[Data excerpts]
****
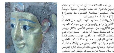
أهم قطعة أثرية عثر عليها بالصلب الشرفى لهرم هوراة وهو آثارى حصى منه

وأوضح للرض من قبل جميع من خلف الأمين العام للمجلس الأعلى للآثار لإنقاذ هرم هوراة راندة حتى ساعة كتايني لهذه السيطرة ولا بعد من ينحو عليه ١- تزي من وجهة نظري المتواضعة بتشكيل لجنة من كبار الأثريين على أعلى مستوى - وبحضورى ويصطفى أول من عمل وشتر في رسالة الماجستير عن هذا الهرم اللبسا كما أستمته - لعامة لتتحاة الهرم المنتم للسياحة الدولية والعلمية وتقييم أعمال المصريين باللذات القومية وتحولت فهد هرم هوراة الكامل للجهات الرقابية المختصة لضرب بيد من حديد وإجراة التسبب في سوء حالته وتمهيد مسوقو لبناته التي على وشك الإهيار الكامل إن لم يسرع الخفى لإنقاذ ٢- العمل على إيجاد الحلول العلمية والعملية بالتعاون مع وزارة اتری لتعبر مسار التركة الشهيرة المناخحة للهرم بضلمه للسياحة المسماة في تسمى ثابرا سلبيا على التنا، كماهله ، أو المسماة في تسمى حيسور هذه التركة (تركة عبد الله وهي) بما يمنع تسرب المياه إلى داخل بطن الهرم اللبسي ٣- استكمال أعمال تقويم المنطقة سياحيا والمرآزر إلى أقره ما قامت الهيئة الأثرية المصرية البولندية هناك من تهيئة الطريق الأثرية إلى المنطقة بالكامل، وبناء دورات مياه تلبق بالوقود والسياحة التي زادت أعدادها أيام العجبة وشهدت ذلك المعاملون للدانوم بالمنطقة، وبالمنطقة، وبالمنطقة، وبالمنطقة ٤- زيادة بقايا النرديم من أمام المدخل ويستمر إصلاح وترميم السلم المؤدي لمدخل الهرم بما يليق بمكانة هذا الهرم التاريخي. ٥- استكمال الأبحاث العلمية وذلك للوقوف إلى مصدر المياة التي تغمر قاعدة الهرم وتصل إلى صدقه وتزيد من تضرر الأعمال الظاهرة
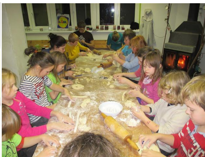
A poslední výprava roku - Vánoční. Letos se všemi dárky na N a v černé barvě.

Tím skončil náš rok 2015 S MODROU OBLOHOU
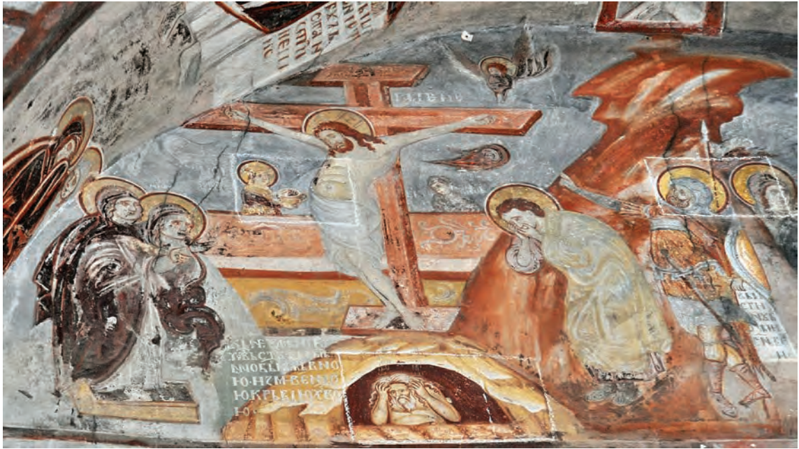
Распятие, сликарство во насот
****
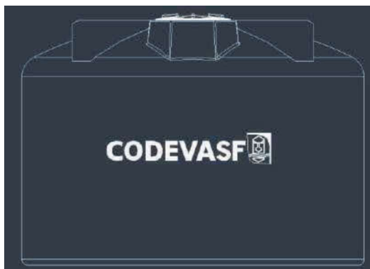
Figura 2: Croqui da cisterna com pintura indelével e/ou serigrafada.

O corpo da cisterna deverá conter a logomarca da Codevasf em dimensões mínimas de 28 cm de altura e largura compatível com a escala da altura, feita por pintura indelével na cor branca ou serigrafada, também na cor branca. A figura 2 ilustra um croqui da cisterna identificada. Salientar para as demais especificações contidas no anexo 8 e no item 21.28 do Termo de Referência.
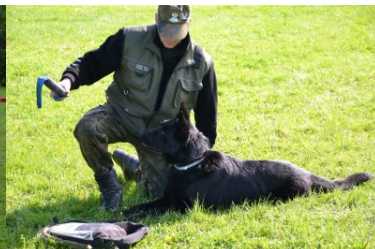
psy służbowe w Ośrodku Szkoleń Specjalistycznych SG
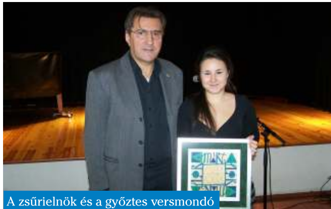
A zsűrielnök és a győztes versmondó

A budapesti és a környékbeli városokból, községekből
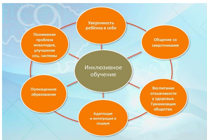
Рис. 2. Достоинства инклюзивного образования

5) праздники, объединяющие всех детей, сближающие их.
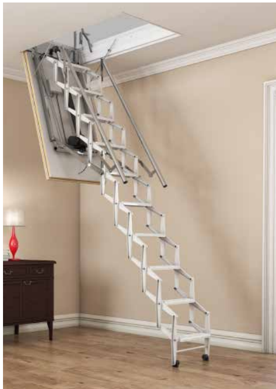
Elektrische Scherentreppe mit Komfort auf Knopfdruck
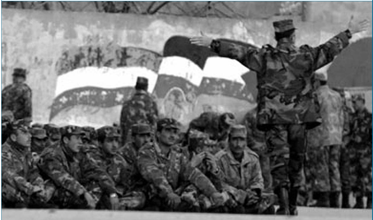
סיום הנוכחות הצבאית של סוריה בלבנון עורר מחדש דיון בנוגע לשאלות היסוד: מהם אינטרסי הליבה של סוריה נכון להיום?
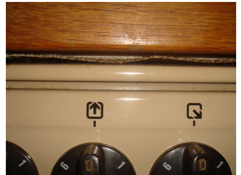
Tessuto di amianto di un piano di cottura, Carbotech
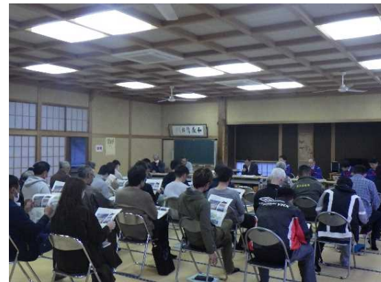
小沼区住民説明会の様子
****
- _Work to be completed_
Return exactly the lines above, from the one with "Рис. 2. Достоинства инклюзивного образования" up to and including the one with "小沼区住民説明会の様子", and include no pictures.

- _Answer_
Рис. 2. Достоинства инклюзивного образования

5) праздники, объединяющие всех детей, сближающие их.
Elektrische Scherentreppe mit Komfort auf Knopfdruck
סיום הנוכחות הצבאית של סוריה בלבנון עורר מחדש דיון בנוגע לשאלות היסוד: מהם אינטרסי הליבה של סוריה נכון להיום?
Tessuto di amianto di un piano di cottura, Carbotech
小沼区住民説明会の様子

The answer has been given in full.